## TASK
With the pictures removed, the data below must be transcribed in full and exactly.

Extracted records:
────────────────────────────────────────

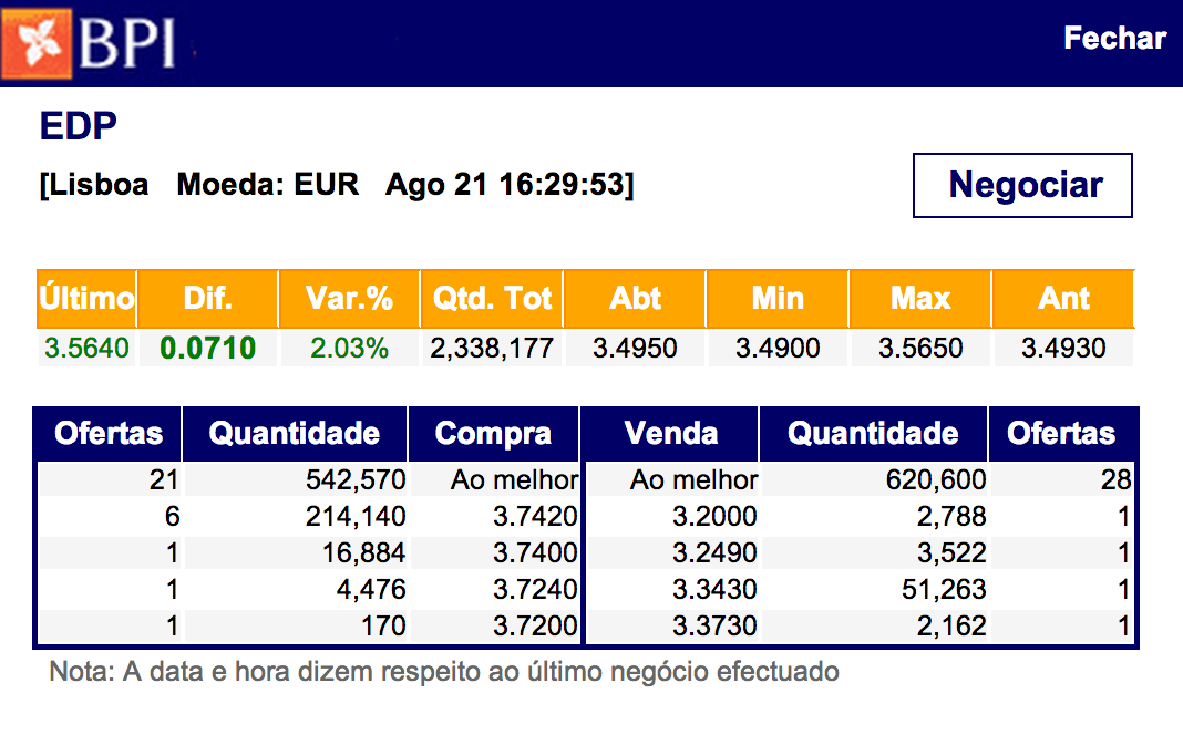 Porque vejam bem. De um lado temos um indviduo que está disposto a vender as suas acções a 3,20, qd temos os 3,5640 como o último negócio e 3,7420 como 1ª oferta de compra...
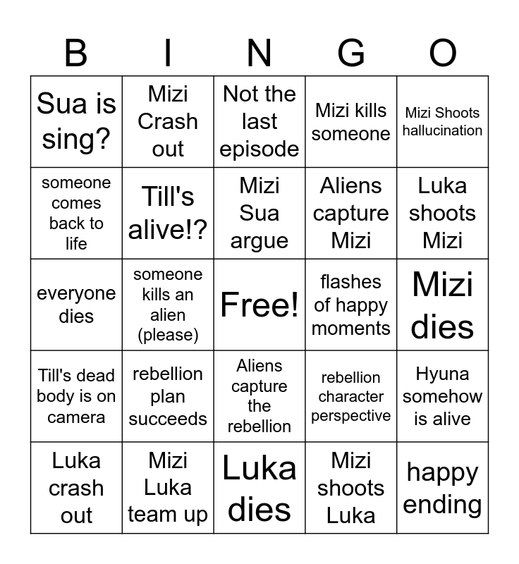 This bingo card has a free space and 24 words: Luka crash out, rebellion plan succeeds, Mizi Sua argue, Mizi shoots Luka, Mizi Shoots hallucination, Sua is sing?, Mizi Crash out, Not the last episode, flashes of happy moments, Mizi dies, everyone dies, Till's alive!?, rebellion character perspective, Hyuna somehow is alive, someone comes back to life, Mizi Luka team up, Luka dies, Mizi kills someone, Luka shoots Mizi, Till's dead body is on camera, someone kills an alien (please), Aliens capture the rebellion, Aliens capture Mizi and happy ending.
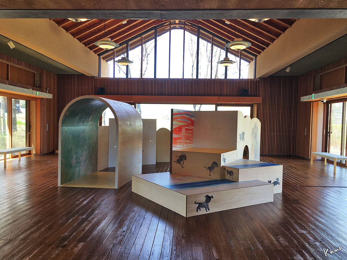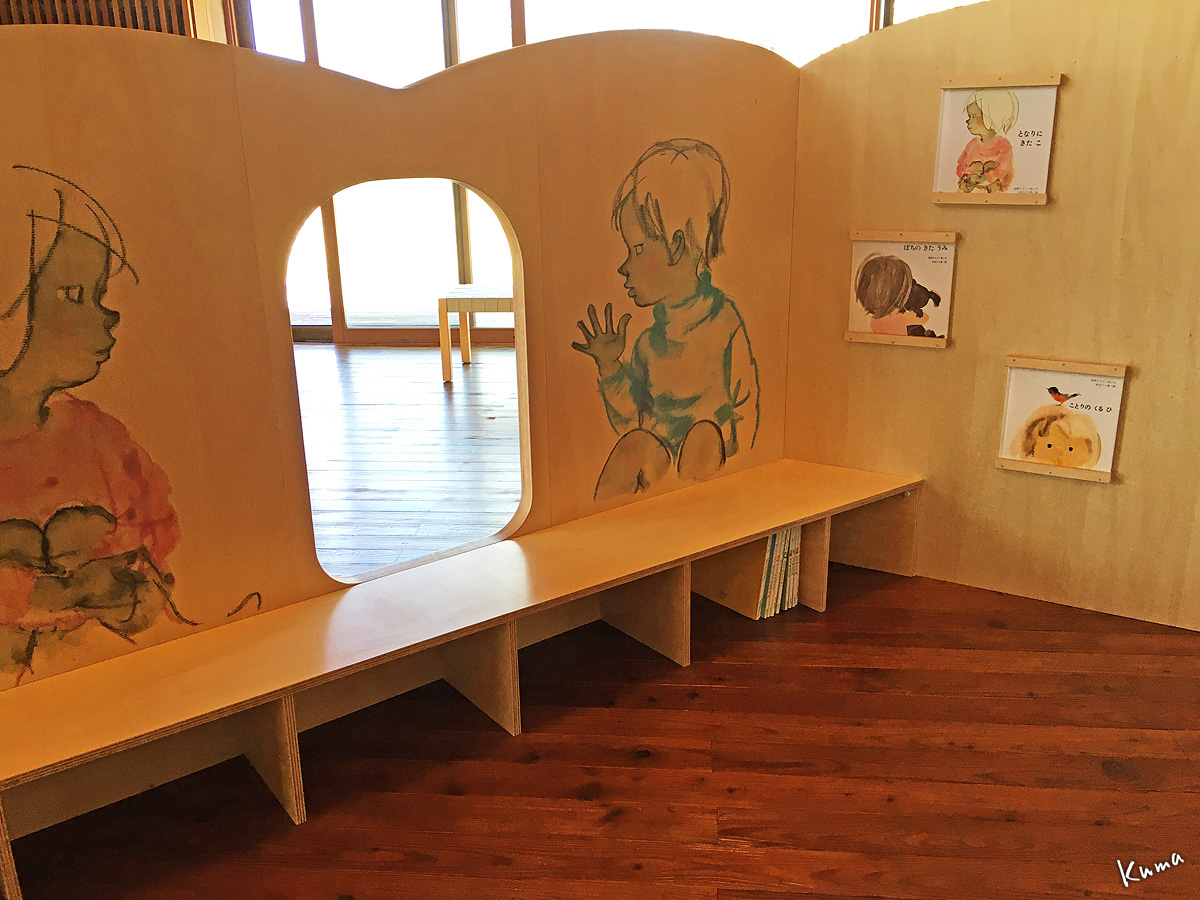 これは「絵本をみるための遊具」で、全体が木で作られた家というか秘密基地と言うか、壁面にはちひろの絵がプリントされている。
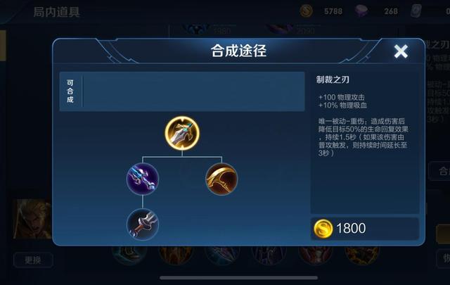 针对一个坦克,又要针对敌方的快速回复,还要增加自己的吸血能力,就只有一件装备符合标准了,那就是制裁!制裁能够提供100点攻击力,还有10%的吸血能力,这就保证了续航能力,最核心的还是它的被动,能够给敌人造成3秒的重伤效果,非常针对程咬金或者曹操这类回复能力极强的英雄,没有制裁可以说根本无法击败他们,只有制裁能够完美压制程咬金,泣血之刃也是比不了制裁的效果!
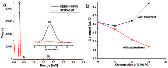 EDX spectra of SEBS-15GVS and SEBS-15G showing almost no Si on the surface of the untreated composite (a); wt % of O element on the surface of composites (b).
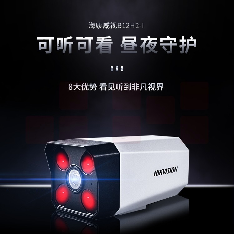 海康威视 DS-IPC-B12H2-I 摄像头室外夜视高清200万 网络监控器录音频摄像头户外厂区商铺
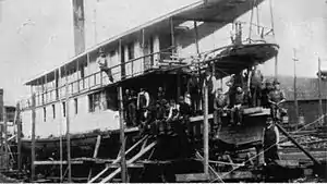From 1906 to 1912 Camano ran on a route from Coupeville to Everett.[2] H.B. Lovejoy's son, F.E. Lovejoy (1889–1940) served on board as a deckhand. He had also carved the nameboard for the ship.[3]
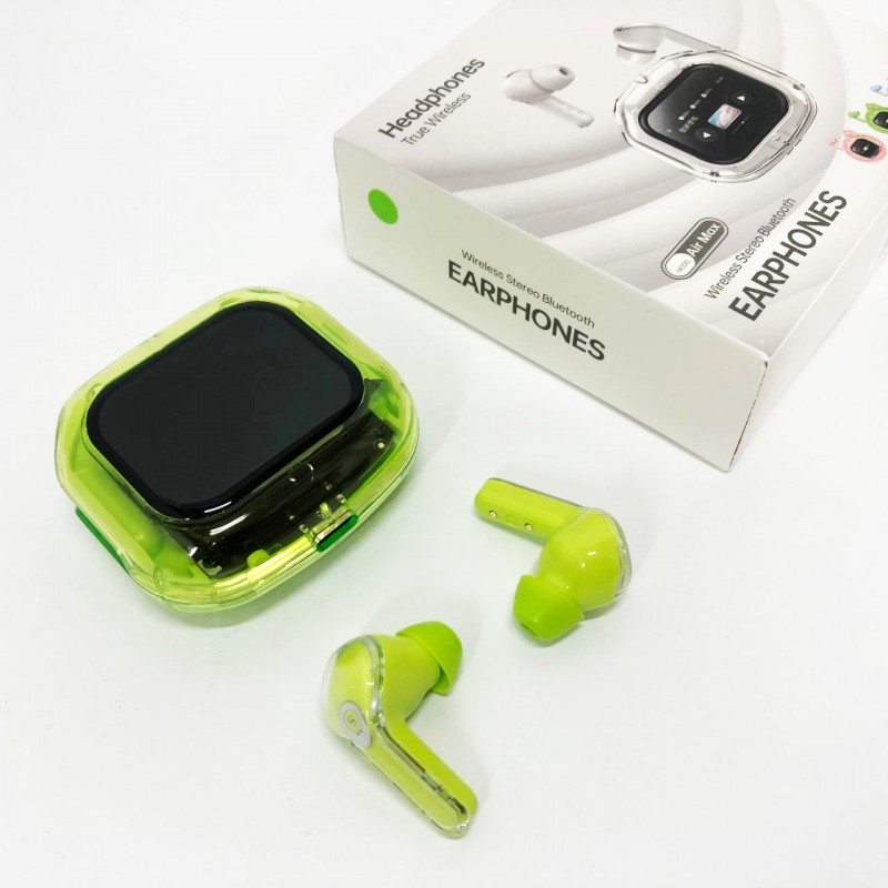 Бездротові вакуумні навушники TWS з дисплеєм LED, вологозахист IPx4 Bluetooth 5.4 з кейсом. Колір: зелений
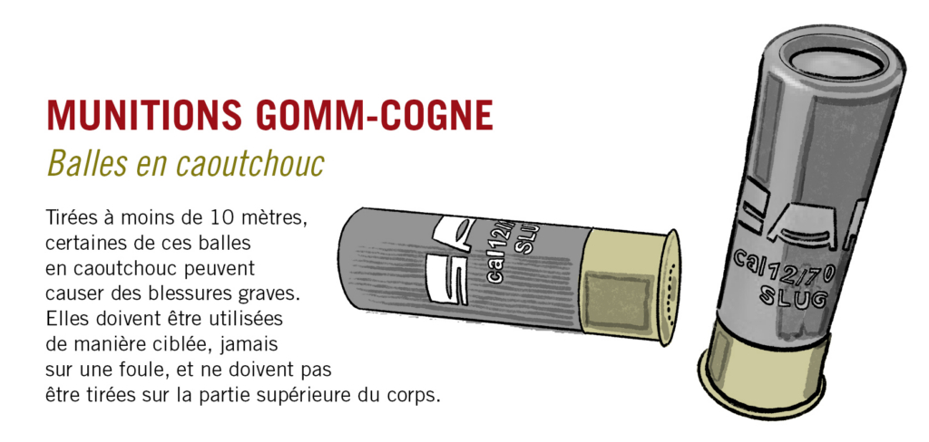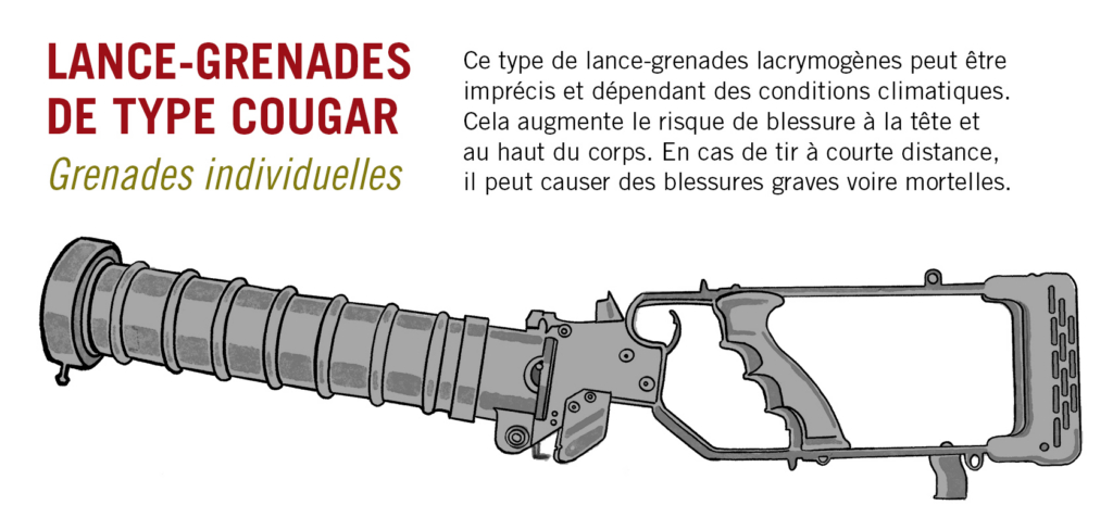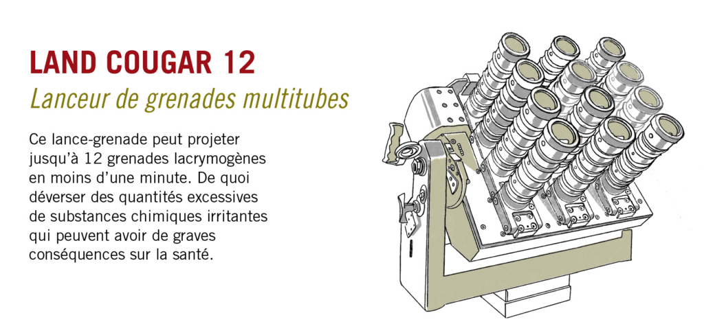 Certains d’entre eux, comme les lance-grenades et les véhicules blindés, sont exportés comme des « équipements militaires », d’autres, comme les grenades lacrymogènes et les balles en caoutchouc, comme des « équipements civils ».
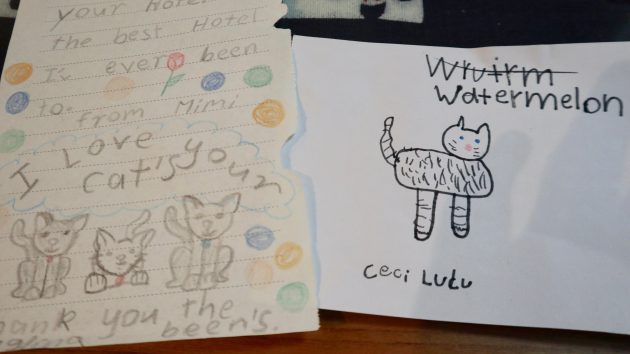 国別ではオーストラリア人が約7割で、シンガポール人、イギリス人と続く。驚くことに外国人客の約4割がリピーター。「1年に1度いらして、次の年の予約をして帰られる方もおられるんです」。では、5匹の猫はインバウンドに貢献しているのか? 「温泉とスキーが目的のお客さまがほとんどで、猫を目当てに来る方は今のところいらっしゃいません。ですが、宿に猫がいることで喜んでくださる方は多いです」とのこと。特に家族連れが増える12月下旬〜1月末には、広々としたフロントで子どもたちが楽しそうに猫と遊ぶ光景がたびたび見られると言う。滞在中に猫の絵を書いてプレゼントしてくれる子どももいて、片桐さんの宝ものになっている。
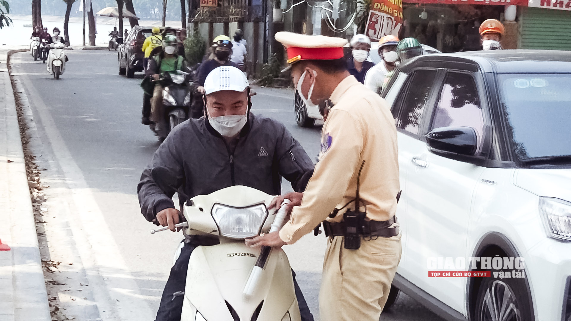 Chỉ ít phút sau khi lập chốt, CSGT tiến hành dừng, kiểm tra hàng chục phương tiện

────────────────────────────────────────

## ANSWER FOR THE TASK
 Porque vejam bem. De um lado temos um indviduo que está disposto a vender as suas acções a 3,20, qd temos os 3,5640 como o último negócio e 3,7420 como 1ª oferta de compra...
 This bingo card has a free space and 24 words: Luka crash out, rebellion plan succeeds, Mizi Sua argue, Mizi shoots Luka, Mizi Shoots hallucination, Sua is sing?, Mizi Crash out, Not the last episode, flashes of happy moments, Mizi dies, everyone dies, Till's alive!?, rebellion character perspective, Hyuna somehow is alive, someone comes back to life, Mizi Luka team up, Luka dies, Mizi kills someone, Luka shoots Mizi, Till's dead body is on camera, someone kills an alien (please), Aliens capture the rebellion, Aliens capture Mizi and happy ending.
 これは「絵本をみるための遊具」で、全体が木で作られた家というか秘密基地と言うか、壁面にはちひろの絵がプリントされている。
 针对一个坦克,又要针对敌方的快速回复,还要增加自己的吸血能力,就只有一件装备符合标准了,那就是制裁!制裁能够提供100点攻击力,还有10%的吸血能力,这就保证了续航能力,最核心的还是它的被动,能够给敌人造成3秒的重伤效果,非常针对程咬金或者曹操这类回复能力极强的英雄,没有制裁可以说根本无法击败他们,只有制裁能够完美压制程咬金,泣血之刃也是比不了制裁的效果!
 EDX spectra of SEBS-15GVS and SEBS-15G showing almost no Si on the surface of the untreated composite (a); wt % of O element on the surface of composites (b).
 海康威视 DS-IPC-B12H2-I 摄像头室外夜视高清200万 网络监控器录音频摄像头户外厂区商铺
From 1906 to 1912 Camano ran on a route from Coupeville to Everett.[2] H.B. Lovejoy's son, F.E. Lovejoy (1889–1940) served on board as a deckhand. He had also carved the nameboard for the ship.[3]
 Бездротові вакуумні навушники TWS з дисплеєм LED, вологозахист IPx4 Bluetooth 5.4 з кейсом. Колір: зелений
 Certains d’entre eux, comme les lance-grenades et les véhicules blindés, sont exportés comme des « équipements militaires », d’autres, comme les grenades lacrymogènes et les balles en caoutchouc, comme des « équipements civils ».
 国別ではオーストラリア人が約7割で、シンガポール人、イギリス人と続く。驚くことに外国人客の約4割がリピーター。「1年に1度いらして、次の年の予約をして帰られる方もおられるんです」。では、5匹の猫はインバウンドに貢献しているのか? 「温泉とスキーが目的のお客さまがほとんどで、猫を目当てに来る方は今のところいらっしゃいません。ですが、宿に猫がいることで喜んでくださる方は多いです」とのこと。特に家族連れが増える12月下旬〜1月末には、広々としたフロントで子どもたちが楽しそうに猫と遊ぶ光景がたびたび見られると言う。滞在中に猫の絵を書いてプレゼントしてくれる子どももいて、片桐さんの宝ものになっている。
 Chỉ ít phút sau khi lập chốt, CSGT tiến hành dừng, kiểm tra hàng chục phương tiện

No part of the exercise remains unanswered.